> What the exercise asks
Go through the listing below and write out exactly the lines from the one that mentions "Cắt, uốn, chấn, hàn" through the one that mentions "8月14日,潘君拯教育发展基", minus the pictures.

> Records provided
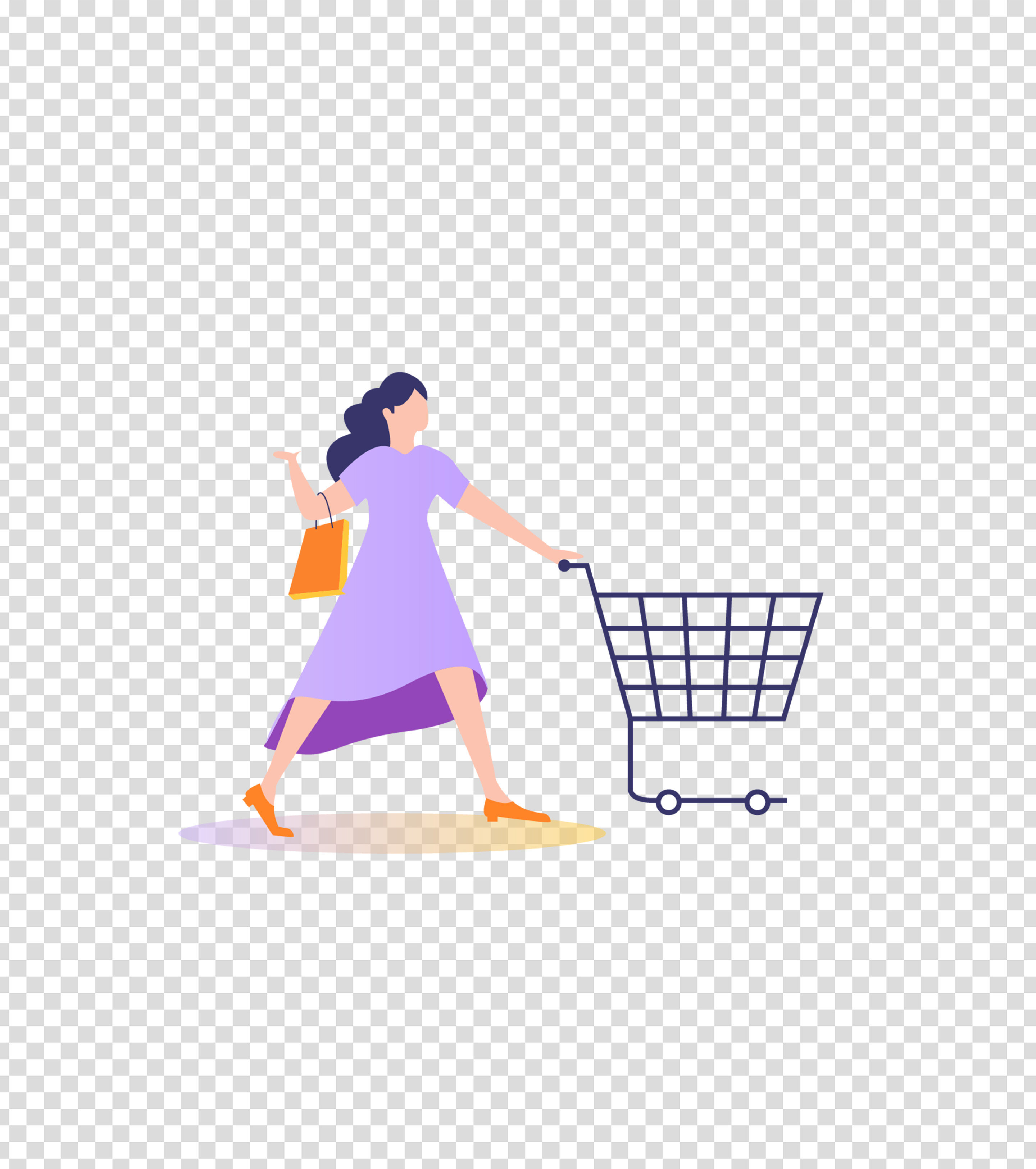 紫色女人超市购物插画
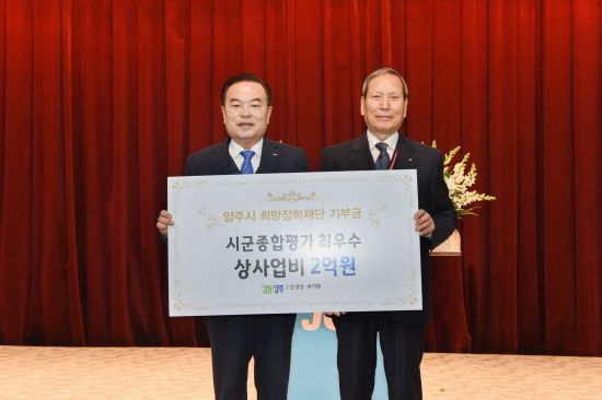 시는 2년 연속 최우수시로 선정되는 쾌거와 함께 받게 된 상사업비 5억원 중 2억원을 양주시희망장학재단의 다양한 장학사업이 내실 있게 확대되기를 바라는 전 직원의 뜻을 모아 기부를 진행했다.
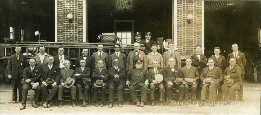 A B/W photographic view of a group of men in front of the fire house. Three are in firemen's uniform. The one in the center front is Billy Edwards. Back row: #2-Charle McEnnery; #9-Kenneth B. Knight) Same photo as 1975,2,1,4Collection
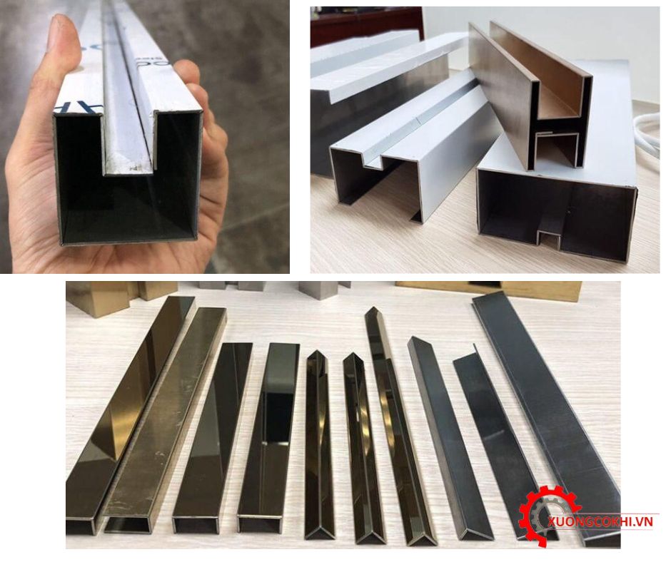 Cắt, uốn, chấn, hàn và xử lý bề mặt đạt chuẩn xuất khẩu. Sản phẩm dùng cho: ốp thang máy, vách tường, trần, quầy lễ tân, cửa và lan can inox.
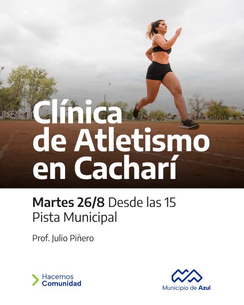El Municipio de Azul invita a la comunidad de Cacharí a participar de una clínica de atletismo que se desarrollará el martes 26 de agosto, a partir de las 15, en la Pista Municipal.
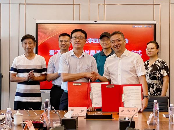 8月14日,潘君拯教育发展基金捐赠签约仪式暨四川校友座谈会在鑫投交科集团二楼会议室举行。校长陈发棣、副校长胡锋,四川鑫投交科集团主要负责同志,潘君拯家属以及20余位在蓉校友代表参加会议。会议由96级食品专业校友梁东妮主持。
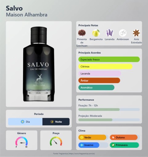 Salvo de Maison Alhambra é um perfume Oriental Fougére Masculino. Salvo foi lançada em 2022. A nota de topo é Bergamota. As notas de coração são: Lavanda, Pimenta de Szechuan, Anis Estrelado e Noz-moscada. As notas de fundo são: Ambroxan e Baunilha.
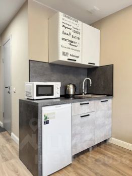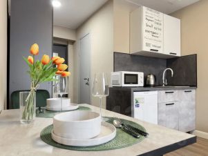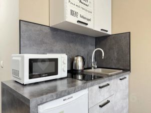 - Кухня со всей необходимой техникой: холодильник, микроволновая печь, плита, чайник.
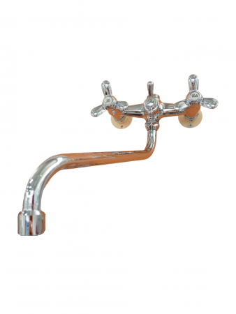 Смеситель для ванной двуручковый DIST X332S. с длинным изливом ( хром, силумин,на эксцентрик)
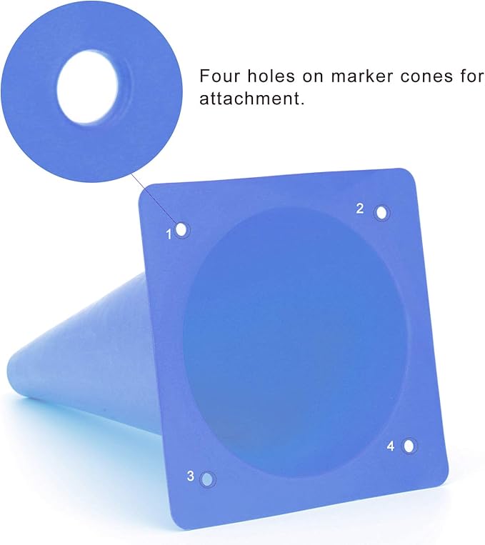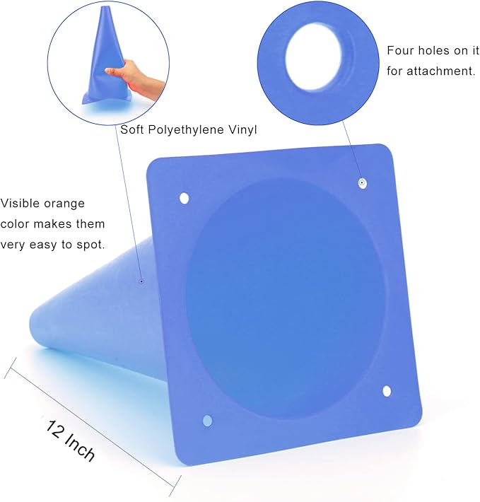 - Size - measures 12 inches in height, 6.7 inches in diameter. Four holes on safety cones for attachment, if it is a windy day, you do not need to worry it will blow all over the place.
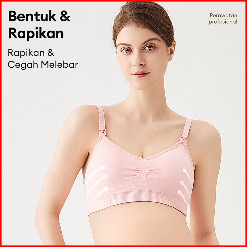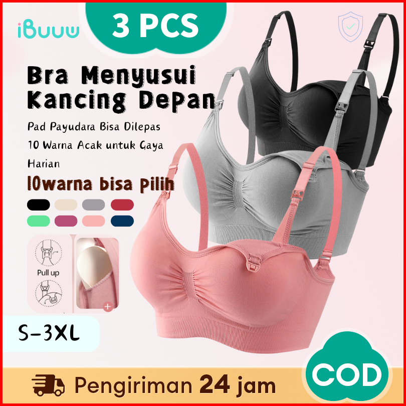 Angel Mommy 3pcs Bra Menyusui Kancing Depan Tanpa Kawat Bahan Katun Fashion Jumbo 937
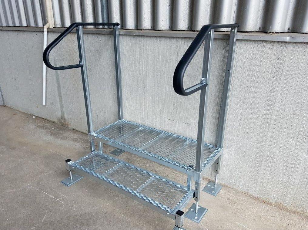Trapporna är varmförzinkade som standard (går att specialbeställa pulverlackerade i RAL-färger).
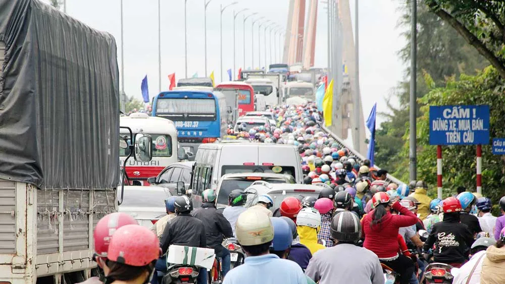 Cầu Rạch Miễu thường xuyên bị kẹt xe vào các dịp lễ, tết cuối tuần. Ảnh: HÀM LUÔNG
* * *
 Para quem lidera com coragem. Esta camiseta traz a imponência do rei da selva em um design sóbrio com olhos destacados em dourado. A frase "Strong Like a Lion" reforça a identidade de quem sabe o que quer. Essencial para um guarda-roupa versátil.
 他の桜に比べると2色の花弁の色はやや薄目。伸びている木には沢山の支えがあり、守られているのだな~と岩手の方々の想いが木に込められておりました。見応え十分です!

> Exercise response
 Cắt, uốn, chấn, hàn và xử lý bề mặt đạt chuẩn xuất khẩu. Sản phẩm dùng cho: ốp thang máy, vách tường, trần, quầy lễ tân, cửa và lan can inox.
El Municipio de Azul invita a la comunidad de Cacharí a participar de una clínica de atletismo que se desarrollará el martes 26 de agosto, a partir de las 15, en la Pista Municipal.
 8月14日,潘君拯教育发展基金捐赠签约仪式暨四川校友座谈会在鑫投交科集团二楼会议室举行。校长陈发棣、副校长胡锋,四川鑫投交科集团主要负责同志,潘君拯家属以及20余位在蓉校友代表参加会议。会议由96级食品专业校友梁东妮主持。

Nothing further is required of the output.